As recently reported in the news, the U.S. also has an anti-boycott law that prohibits boycotts of other countries without U.S. government approval. U.S. law currently provides specific prohibition of boycotts against Israel. Alabamians should be aware that most Arab League countries have laws compelling government agencies and companies based in those countries to boycott Israel. Alabamians are prohibited from entering into agreements that include language to restrict the use of products, services, designs or manufacturing from Israel. Such clauses are often very cleverly hidden within other clauses or use terms of art to hide the true intention.
Commerce and Agriculture Reporting
The U.S. Department of Commerce / Bureau of Economic Analysis (BEA) oversees a variety of data collection requirements from non-U.S. investors in U.S. businesses and operations. The Department of Agriculture oversees similar data collection requirements for non-U.S. investors in agricultural assets and real estate.
The BEA prepares statistics about the U.S. economy to assess the performance of the U.S. economy. It does so by collecting information from U.S. businesses and foreign businesses operating in the U.S. A failure to report can result in civil penalties of between $2,500 and $25,000, criminal penalties up to $10,000, and up to one year imprisonment and/or injunctive relief commanding compliance.

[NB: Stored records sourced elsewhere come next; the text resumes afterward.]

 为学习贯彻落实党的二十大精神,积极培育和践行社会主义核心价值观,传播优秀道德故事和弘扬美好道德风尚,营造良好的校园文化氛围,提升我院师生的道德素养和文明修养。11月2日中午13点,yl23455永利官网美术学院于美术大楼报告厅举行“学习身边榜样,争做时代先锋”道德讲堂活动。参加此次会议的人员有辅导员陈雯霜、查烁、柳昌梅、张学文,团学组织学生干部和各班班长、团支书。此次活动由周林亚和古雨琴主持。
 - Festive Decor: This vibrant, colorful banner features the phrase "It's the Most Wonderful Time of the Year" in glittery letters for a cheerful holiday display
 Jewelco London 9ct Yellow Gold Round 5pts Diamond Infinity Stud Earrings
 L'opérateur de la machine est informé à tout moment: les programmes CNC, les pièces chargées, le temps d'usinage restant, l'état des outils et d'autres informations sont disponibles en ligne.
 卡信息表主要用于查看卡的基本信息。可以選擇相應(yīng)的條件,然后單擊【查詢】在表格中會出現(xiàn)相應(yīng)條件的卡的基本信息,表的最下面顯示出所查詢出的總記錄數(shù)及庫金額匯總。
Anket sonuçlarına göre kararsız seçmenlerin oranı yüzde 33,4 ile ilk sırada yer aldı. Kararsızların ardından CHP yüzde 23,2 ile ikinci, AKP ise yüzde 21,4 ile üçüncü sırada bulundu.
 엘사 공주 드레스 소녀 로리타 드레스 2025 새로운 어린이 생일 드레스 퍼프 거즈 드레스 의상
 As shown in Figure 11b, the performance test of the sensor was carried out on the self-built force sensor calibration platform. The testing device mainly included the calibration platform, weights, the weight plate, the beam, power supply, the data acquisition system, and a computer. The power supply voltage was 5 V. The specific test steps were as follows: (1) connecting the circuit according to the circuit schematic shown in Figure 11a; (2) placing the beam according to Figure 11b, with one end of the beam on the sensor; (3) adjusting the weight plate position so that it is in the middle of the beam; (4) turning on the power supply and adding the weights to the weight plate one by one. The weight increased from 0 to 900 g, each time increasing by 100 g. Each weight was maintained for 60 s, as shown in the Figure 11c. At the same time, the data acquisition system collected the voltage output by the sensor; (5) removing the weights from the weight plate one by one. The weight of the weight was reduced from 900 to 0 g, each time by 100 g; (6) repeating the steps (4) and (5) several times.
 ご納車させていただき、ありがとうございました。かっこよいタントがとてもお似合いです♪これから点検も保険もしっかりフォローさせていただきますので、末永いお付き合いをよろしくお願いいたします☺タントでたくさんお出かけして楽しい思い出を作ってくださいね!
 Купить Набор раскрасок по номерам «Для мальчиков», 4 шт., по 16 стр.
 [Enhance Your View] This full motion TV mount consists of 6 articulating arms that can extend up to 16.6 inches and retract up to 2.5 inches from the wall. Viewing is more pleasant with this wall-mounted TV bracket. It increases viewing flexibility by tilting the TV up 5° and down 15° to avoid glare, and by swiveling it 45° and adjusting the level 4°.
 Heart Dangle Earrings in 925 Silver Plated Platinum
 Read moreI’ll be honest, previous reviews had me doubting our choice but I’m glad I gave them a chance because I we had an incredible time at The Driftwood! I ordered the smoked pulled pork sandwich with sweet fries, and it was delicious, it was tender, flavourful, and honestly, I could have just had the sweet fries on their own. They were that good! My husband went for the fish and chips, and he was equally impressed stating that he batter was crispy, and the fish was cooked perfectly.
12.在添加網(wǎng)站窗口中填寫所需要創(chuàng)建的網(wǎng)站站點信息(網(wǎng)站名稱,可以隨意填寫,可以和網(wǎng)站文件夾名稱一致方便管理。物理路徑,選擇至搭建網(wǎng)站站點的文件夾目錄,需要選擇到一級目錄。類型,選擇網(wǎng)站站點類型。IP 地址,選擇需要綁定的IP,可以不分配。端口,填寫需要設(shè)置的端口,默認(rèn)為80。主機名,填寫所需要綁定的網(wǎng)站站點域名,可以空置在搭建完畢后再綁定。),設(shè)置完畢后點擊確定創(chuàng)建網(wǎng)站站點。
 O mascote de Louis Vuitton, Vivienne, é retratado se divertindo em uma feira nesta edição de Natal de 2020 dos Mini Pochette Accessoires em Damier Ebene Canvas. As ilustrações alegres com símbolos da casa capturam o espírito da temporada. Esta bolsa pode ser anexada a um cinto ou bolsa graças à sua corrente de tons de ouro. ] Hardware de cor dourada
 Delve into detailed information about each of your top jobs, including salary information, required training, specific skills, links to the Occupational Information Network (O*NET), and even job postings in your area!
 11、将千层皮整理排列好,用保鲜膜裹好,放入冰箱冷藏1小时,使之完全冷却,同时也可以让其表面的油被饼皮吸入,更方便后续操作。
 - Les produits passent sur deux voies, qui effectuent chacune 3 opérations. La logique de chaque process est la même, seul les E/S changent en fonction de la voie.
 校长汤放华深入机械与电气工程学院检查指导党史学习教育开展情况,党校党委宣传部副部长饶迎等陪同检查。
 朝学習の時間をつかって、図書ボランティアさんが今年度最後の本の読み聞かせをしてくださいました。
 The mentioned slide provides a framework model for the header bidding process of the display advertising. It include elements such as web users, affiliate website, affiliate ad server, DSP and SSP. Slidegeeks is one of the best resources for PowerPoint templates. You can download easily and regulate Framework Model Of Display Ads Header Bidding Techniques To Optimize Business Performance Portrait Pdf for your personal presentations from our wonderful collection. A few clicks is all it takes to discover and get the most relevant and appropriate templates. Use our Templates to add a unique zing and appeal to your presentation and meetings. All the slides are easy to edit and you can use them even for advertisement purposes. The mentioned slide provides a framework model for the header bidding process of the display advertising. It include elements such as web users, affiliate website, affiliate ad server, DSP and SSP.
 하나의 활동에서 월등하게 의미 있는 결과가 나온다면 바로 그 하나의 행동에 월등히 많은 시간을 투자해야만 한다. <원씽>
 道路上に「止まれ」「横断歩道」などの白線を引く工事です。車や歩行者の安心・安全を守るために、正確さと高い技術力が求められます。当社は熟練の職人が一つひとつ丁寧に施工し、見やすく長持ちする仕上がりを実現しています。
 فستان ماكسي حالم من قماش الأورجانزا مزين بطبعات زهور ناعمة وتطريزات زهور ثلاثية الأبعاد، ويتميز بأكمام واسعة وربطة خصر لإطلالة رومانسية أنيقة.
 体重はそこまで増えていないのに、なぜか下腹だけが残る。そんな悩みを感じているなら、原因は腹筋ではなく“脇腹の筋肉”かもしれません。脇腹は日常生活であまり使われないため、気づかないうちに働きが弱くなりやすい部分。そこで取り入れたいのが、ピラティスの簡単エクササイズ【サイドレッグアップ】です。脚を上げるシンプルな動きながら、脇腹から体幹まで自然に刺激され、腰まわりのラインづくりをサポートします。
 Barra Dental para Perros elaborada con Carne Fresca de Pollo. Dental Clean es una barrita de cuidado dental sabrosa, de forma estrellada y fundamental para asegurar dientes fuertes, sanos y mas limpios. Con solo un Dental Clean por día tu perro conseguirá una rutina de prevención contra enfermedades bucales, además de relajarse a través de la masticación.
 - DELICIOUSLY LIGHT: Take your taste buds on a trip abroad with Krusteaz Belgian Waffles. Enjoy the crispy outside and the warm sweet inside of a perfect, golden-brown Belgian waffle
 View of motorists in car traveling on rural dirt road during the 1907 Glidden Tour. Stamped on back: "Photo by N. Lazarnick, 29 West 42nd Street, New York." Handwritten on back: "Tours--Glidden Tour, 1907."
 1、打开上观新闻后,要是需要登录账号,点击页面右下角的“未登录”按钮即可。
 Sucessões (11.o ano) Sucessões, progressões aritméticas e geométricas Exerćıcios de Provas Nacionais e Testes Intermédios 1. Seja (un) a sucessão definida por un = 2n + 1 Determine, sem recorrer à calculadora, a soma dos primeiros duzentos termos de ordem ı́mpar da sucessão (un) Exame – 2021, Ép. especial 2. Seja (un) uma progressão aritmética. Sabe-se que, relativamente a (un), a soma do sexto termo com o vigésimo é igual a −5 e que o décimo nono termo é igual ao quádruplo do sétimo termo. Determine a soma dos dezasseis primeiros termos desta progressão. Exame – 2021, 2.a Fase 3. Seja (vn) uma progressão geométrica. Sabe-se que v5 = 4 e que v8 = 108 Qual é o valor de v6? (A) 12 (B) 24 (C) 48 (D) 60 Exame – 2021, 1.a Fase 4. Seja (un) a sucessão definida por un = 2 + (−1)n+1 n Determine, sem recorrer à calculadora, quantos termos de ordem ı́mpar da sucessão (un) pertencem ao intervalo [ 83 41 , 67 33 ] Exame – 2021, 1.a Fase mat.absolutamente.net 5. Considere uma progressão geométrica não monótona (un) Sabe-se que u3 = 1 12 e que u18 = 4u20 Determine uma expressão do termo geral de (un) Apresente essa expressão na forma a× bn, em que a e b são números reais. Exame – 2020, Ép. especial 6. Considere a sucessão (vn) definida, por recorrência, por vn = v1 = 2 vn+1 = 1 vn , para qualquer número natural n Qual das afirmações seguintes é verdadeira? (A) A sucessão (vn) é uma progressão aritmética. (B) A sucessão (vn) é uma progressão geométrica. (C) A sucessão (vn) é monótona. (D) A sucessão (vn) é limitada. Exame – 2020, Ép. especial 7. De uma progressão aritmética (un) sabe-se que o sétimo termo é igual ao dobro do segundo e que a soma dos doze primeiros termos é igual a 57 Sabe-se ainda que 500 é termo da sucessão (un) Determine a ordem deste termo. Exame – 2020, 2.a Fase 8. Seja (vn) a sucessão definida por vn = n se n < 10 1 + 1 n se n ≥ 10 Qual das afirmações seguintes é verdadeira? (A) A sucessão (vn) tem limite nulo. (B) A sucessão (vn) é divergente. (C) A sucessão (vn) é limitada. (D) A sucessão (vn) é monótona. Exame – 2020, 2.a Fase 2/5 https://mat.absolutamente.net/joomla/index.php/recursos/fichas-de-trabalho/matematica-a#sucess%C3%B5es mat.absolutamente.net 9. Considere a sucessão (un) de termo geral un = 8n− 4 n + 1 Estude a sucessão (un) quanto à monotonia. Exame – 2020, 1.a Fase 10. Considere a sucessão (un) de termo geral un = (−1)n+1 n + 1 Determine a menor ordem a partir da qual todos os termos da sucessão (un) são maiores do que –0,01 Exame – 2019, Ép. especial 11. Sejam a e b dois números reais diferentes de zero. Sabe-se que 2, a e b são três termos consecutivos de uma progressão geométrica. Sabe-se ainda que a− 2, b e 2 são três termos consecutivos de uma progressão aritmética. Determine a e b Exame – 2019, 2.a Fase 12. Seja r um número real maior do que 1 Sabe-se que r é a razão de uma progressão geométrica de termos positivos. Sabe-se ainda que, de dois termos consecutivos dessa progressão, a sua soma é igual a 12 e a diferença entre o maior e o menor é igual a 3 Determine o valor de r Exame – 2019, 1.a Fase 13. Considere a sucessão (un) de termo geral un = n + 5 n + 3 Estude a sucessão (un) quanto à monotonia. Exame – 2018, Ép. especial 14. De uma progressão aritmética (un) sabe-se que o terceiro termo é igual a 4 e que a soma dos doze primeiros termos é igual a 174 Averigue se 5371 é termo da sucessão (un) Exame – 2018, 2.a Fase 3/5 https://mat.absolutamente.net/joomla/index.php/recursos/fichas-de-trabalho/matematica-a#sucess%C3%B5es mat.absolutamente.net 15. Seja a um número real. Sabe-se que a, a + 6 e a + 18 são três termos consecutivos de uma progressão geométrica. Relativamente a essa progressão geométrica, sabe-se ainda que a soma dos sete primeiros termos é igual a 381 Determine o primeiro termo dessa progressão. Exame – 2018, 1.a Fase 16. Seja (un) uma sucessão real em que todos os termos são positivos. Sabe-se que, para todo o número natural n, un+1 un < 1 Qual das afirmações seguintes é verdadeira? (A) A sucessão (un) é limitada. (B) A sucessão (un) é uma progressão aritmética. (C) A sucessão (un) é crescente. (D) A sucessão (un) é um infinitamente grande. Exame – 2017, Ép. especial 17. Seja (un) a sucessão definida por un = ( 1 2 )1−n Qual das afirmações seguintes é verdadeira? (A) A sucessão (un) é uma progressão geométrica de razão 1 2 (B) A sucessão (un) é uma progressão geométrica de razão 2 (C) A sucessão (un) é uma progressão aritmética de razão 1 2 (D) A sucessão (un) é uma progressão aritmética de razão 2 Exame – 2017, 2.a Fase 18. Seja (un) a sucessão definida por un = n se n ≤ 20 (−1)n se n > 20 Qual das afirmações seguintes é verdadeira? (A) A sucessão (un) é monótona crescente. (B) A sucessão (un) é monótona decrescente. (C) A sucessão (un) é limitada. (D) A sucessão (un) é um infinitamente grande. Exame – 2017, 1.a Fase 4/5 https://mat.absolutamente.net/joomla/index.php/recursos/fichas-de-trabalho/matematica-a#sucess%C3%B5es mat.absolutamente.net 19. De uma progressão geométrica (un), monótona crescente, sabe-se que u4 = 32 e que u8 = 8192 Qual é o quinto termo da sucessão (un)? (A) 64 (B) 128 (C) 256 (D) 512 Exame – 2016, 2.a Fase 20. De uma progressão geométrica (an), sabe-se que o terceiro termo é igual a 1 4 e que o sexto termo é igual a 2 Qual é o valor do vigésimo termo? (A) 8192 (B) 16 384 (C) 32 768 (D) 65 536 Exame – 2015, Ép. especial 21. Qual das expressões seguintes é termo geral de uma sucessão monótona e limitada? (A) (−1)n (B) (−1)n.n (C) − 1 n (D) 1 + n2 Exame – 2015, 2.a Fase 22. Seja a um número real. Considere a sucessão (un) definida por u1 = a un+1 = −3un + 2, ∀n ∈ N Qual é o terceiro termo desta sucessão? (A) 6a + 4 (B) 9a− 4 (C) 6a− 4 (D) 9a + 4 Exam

Per the Agricultural Foreign Investment Disclosure Act of 1978 (AFIDA), a report must be filed with the U.S. Department of Agriculture Farm Service Agency when a foreign person acquires or transfers an interest in U.S. agricultural land, more specifically:
- 10% foreign interest by individual, entity or government
- 10% foreign interest by multiple individuals or entities acting in concert
- 50% foreign interest by individuals or entities not acting in concert
- Leases over 10 years
Penalties for failure to comply can be up to 25% of fair market value of a foreign person’s interest.
My friends and colleagues joke that I live in a realm of acronyms and alphabet soup, but like anything else advance preparation and action can clear the confusion surrounding the meaning of acronyms. Alabamians who are fortunate enough to have the opportunity to benefit from one of the many foreign investments in Alabama just need to remember to:
- Exercise early pre-deal diligence and assessments
- Document and follow compliance with applicable regulations
- Be consistent in their processes and procedures in dealing with foreign parties
As the old Alabama maxim goes, an ounce of prevention is worth a pound of cure.
David Vance Lucas is a partner in the Huntsville office of Bradley Arant Boult Cummings LLP, where he is a member of the firm’s Intellectual Property Practice Group and leads the firm’s international and cross border team. Much of Lucas’ experience was accumulated as general counsel for Huntsville-based Intergraph Corp. (now Hexagon AB Group), where he garnered extensive experience in a variety of U.S. and foreign legal environments. He now advises both U.S. and foreign clients on the harmonized application of U.S., U.K. and European laws, and represents clients in various proceedings in the U.S. and abroad.